Before Sheehan was named Oklahoma's Teacher of the Year, he was already making a difference.

Three years ago, he launched a campaign to recruit teachers in a state seeing a huge shortage.

"We're looking at changing public perceptions of teaching in our profession, and we're looking at improving the retention and recruitment," Sheehan said.

Sheehan spoke in front of education majors at the University of Central Oklahoma, telling the future teachers they are about to embark on a worthy and influential career.

"All I want to do is validate their decision via a person that says, 'You know what? You did make the right choice. I know what you're seeing here is kind of heavy, and it seems really negative, but it's worth it,'" Sheehan said.

This weekend, Sheehan is interviewing for teaching's highest honor.

He's one of only four finalists up for National Teacher of the Year - a title an Oklahoman hasn't been bestowed in 50 years.

"I felt so undeserving. This is only my fifth year teaching, and I'm like 'What in the world is happening?'" Sheehan said.

But, the military man turned educator believes his atypical approach to teaching is what landed him in one of the top four slots.

"I know what it is. It's professionalizing our work through 'The Teach Like Me' campaign and things I do in my classroom. I'm not afraid to take risks," Sheehan said.

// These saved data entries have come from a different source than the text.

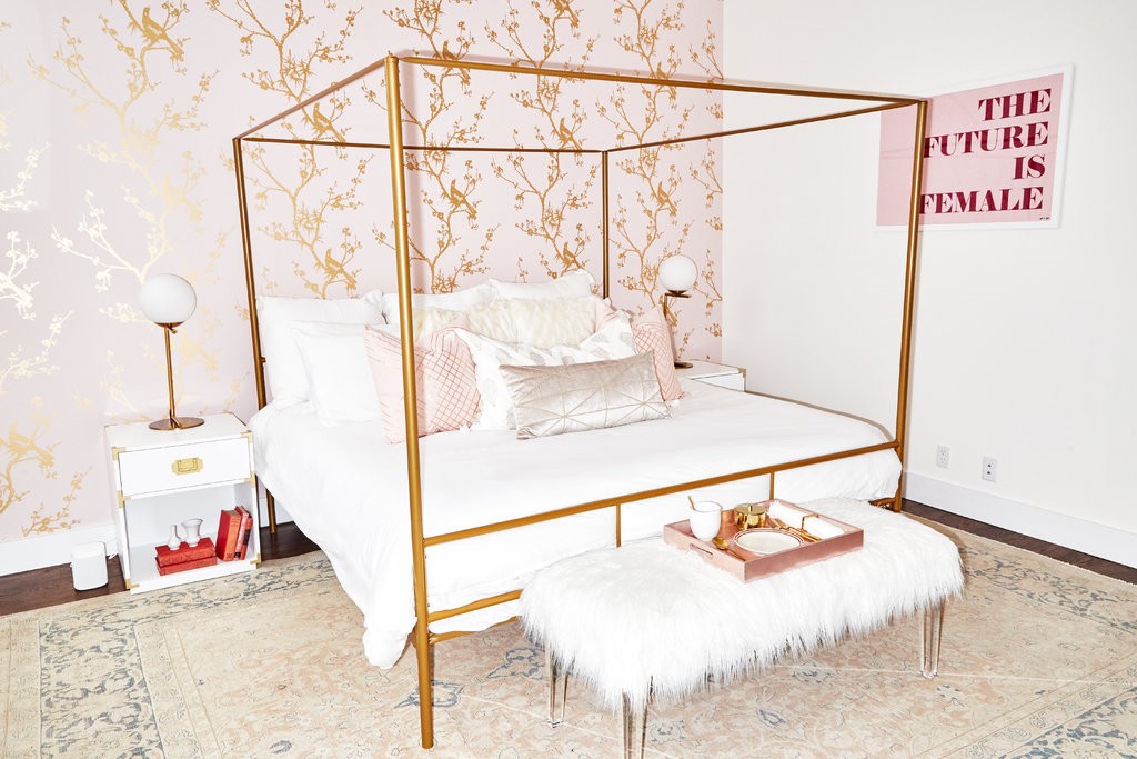 У квартирі високі дерев’яні стелі та вихід на дах, білі стіни й рожевий диван. Бібліотека укомплектована книгами, проте увагу приділено не змісту, а зовнішньому вигляду.
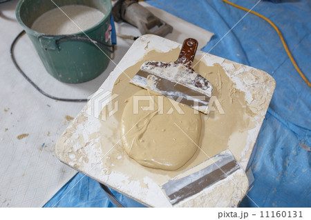 wall repair tools. putty knives , plaster bucket, gloves on kitchen countertop. renovation work
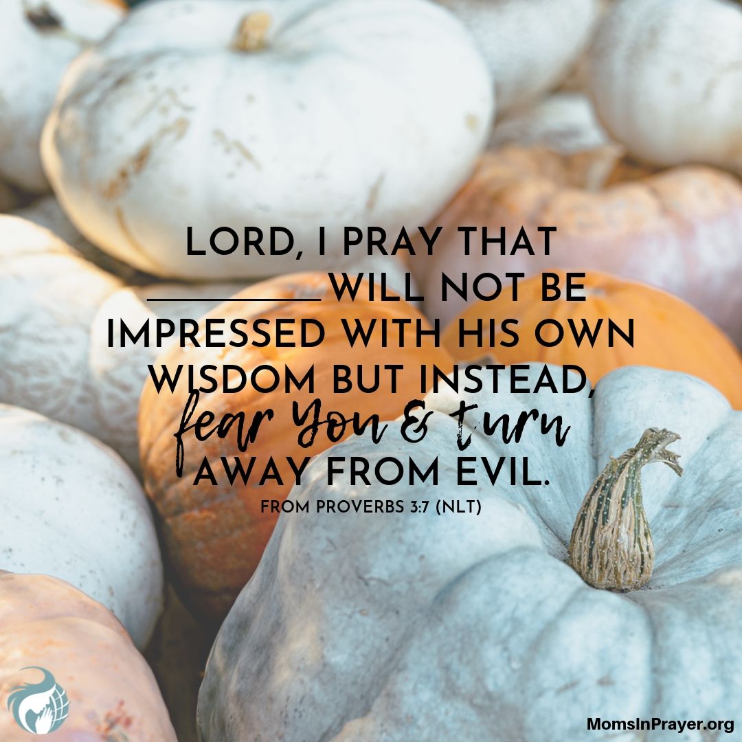 LORD, I pray that ________ will not be impressed with his own wisdom but instead, fear You and turn away from evil.
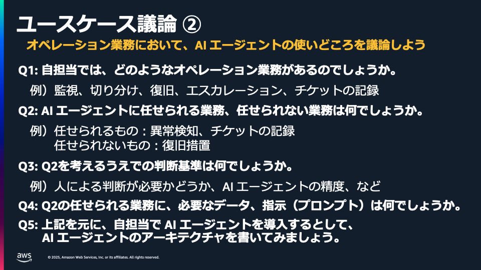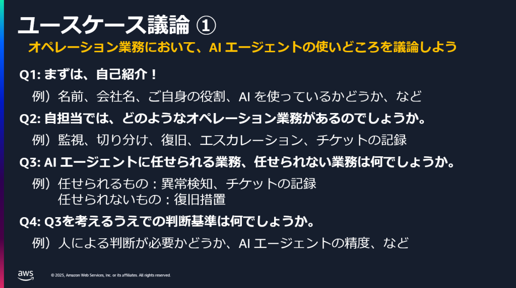 本イベントは、複数社の運用担当者にご参加いただいたので、各社混合のグループディスカッションを AWS 社員も交えて実施いただきました。議論テーマは、以下です。各社、自担当の業務をご紹介いただき、どのような業務を AI エージェントに任せられるのか、を議論いただきました。AI エージェントに任せられる業務としては、調査、分析、切り分け、オペレータの支援、ドキュメント作成、オペレーションの記録、ネットワークのエッジ側での操作、などが挙げられ、任せられない業務としては、サービス影響の出る可能性のあるオペレーションの実行、顧客対応や社内調整など対人コミュニケーション関連の業務が挙げられました。各社の AI 活用状況や運用の現場における課題の共有、活発な意見交換が行われました。
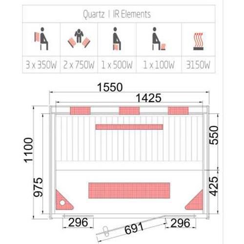 - Quartz infrared radiators, floor heating, including rotating radiators in the side walls.
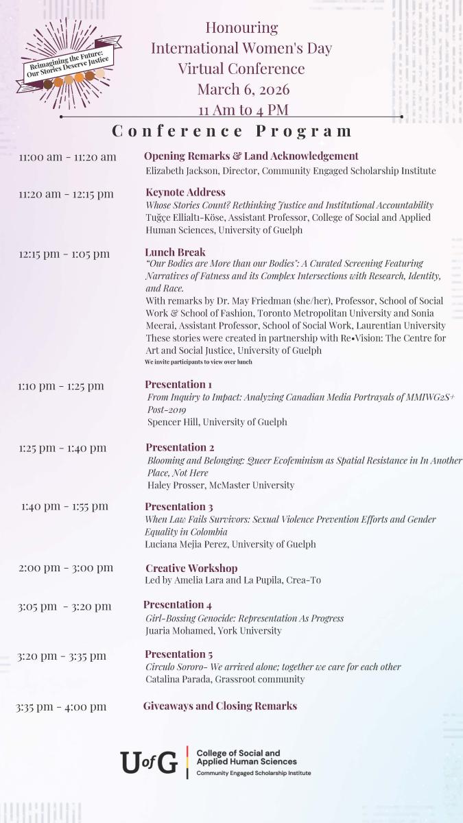 We invite you to attend the 9th annual International Women’s Day Online Conference hosted by the Community Engaged Scholarship Institute at the University of Guelph on Friday, March 6th from 11:00am - 4:00pm! This year, we will have a keynote presentation from Tuğçe Ellialtı-Köse, a creative workshop by creato, and research presentations from student researchers, practitioners and artists from a range of backgrounds and disciplines.

Sheehan would love to show the nation Oklahoma teachers are more than what the statistics portray.

"We have educators in our state that, despite all of these challenges, they're doing amazing work for our kids, so I would love to just carry that torch for them," Sheehan said.

Sheehan leaves Sunday to compete for the national title.

He won't find out if he wins until May.

If he's selected as National Teacher of the Year, he will meet President Obama.